Copy nothing but the lines below, from the one with "The transform builder" through the one with "En el lugar", exactly as written; no pictures should appear.

Start of ENTRIES SUPPLIED

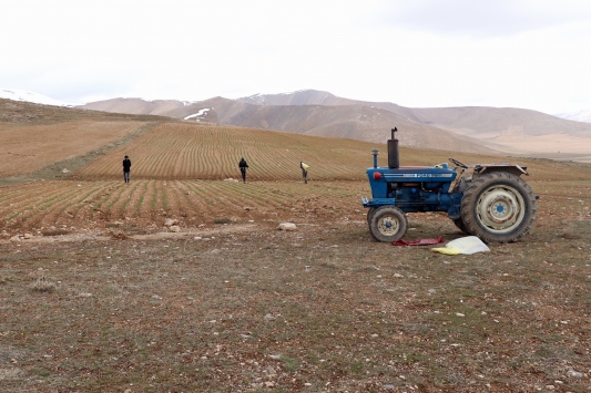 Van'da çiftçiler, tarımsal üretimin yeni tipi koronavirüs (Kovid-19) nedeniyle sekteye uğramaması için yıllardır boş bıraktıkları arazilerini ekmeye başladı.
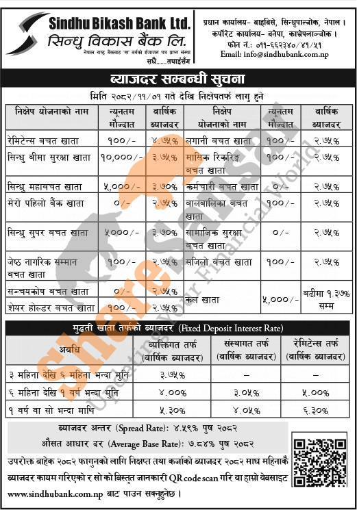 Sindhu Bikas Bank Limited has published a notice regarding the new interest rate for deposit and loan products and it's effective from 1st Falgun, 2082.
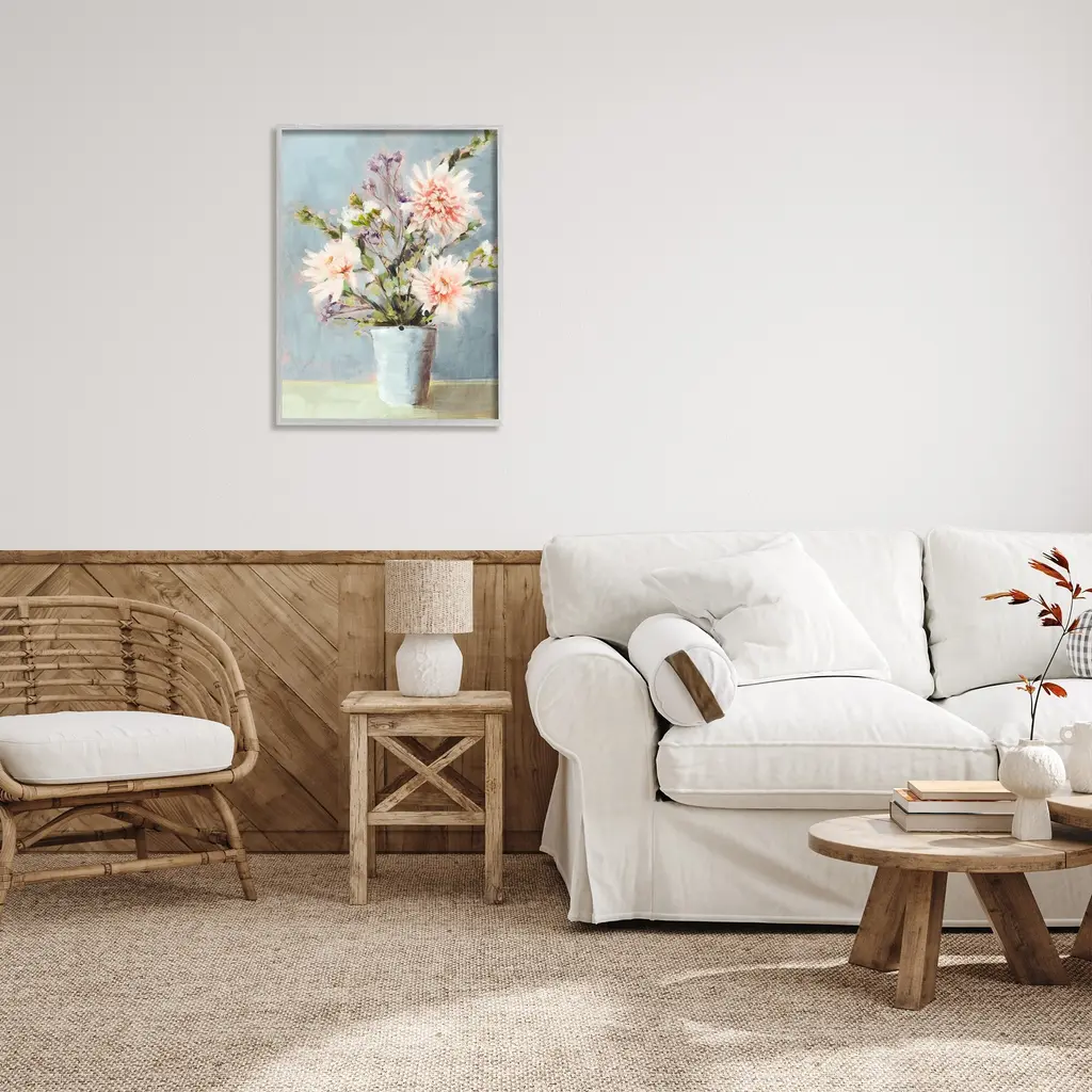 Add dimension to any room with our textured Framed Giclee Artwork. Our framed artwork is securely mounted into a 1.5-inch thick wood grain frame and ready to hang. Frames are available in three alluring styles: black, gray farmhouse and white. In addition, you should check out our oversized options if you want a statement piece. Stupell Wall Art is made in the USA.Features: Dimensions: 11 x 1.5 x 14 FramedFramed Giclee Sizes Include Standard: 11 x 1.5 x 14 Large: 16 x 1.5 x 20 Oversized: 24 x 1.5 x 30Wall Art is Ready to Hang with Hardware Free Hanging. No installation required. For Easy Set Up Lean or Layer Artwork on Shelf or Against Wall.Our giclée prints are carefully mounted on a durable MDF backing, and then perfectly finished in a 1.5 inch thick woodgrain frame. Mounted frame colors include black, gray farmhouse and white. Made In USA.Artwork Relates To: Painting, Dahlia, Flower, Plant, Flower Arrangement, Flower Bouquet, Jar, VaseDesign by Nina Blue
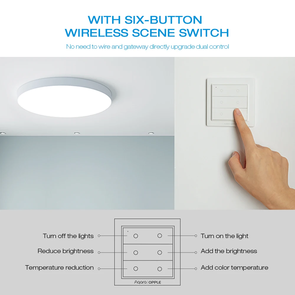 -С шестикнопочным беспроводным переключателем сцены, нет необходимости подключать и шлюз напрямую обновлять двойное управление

End of ENTRIES SUPPLIED
Start of ENTRIES SUPPLIED

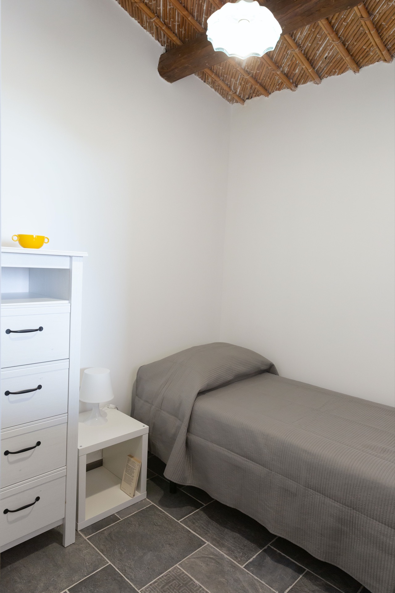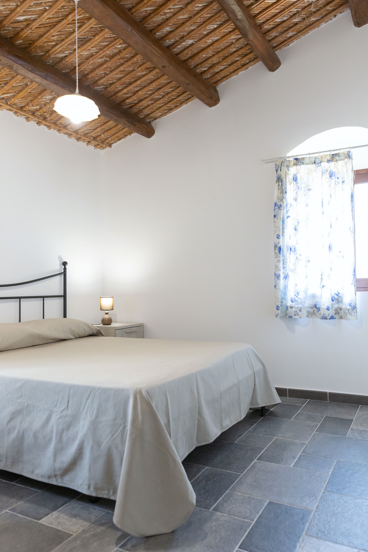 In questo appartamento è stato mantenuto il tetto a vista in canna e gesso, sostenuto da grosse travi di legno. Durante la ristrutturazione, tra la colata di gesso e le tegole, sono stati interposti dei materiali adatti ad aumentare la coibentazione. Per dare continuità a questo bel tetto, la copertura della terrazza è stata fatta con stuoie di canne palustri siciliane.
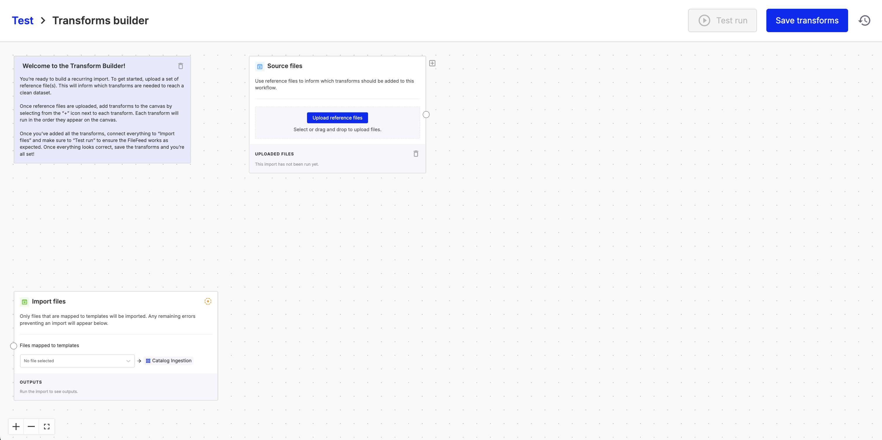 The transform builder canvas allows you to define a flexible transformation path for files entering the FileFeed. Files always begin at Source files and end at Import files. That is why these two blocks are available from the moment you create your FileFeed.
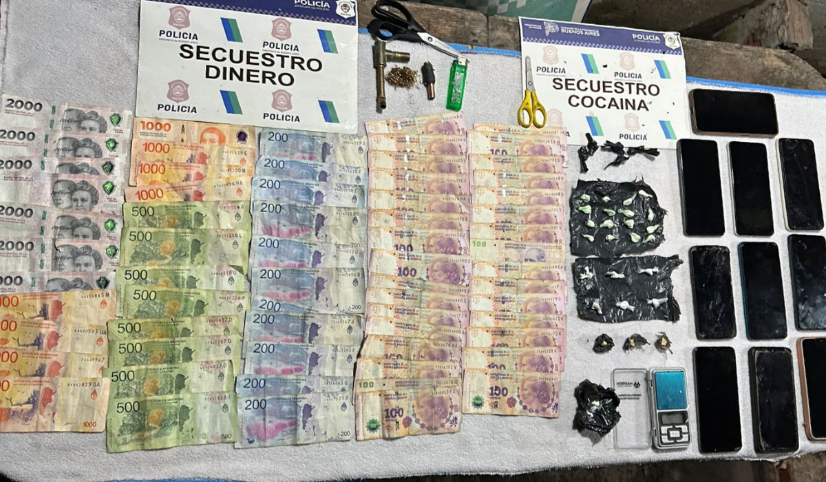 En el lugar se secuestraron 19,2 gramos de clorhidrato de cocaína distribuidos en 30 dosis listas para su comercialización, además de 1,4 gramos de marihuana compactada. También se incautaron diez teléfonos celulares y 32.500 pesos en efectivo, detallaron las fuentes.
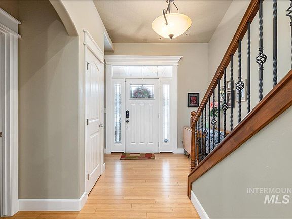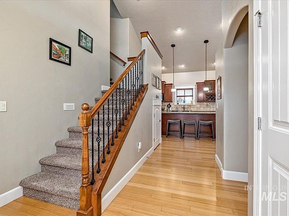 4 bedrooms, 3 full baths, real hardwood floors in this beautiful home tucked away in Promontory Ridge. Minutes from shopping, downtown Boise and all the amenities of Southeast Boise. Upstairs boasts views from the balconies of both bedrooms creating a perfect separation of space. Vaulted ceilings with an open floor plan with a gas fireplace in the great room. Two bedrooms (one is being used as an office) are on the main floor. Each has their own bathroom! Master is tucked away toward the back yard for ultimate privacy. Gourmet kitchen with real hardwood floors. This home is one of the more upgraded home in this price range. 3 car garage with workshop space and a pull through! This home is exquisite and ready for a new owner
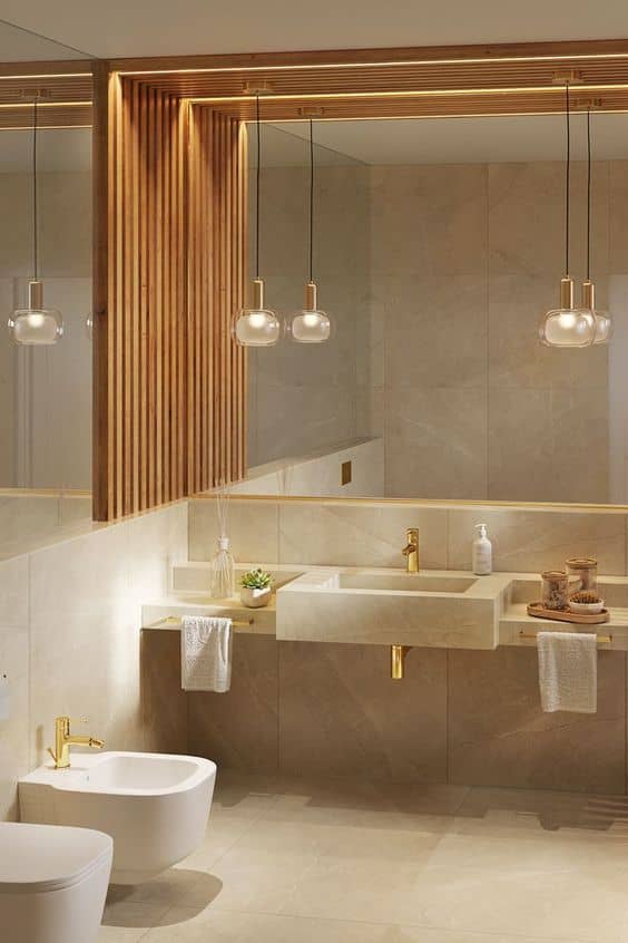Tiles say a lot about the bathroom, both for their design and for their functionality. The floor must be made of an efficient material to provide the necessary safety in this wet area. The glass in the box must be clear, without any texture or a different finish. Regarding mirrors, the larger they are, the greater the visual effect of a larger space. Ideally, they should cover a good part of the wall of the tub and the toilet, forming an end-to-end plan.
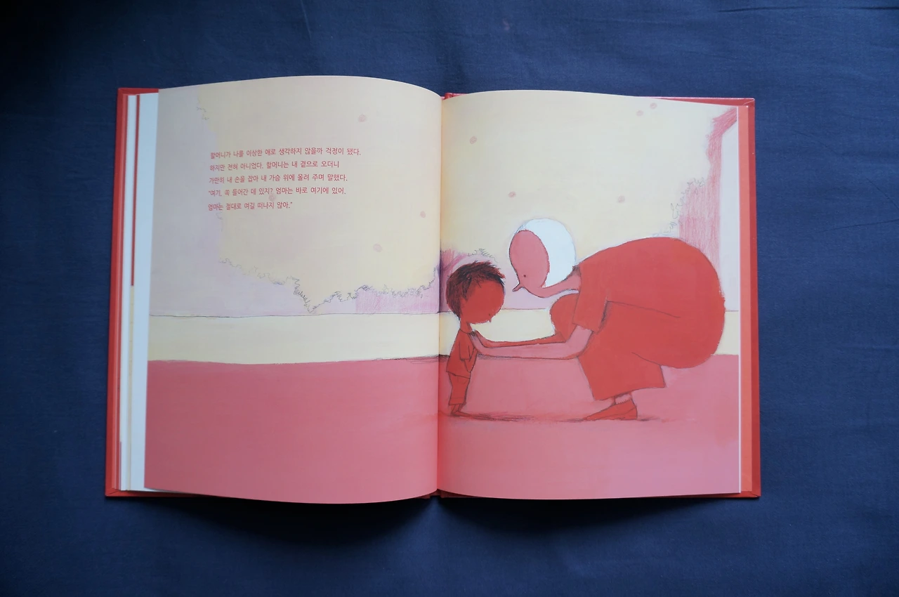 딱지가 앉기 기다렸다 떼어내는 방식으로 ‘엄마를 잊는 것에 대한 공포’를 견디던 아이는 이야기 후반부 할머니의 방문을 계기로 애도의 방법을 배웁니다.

End of ENTRIES SUPPLIED
Start of ENTRIES SUPPLIED

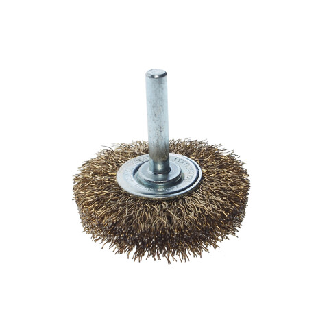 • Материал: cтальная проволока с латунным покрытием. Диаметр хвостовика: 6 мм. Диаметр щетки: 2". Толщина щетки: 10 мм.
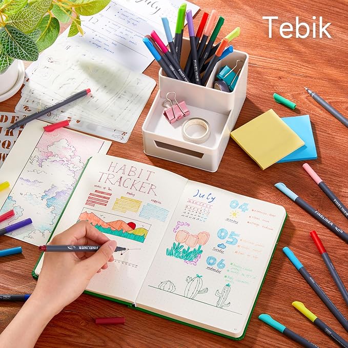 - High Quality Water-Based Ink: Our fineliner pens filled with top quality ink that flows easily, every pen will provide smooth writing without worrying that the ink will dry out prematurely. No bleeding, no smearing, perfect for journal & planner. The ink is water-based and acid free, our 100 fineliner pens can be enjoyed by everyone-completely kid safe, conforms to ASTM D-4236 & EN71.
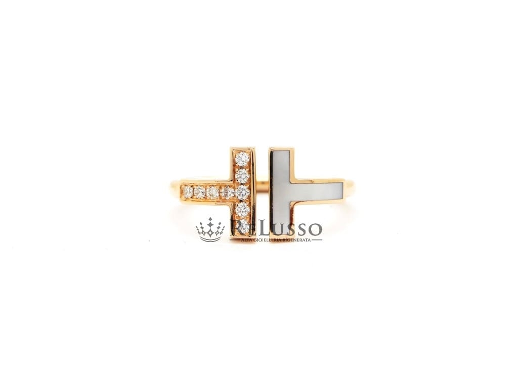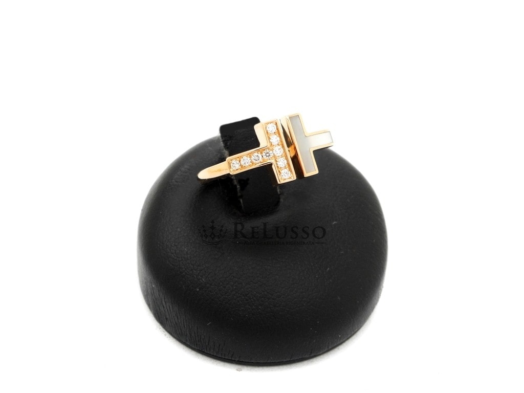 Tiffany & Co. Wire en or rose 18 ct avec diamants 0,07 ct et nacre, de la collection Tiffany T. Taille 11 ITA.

End of ENTRIES SUPPLIED

**RESULT FOR THIS EXERCISE:**
 The transform builder canvas allows you to define a flexible transformation path for files entering the FileFeed. Files always begin at Source files and end at Import files. That is why these two blocks are available from the moment you create your FileFeed.
 En el lugar se secuestraron 19,2 gramos de clorhidrato de cocaína distribuidos en 30 dosis listas para su comercialización, además de 1,4 gramos de marihuana compactada. También se incautaron diez teléfonos celulares y 32.500 pesos en efectivo, detallaron las fuentes.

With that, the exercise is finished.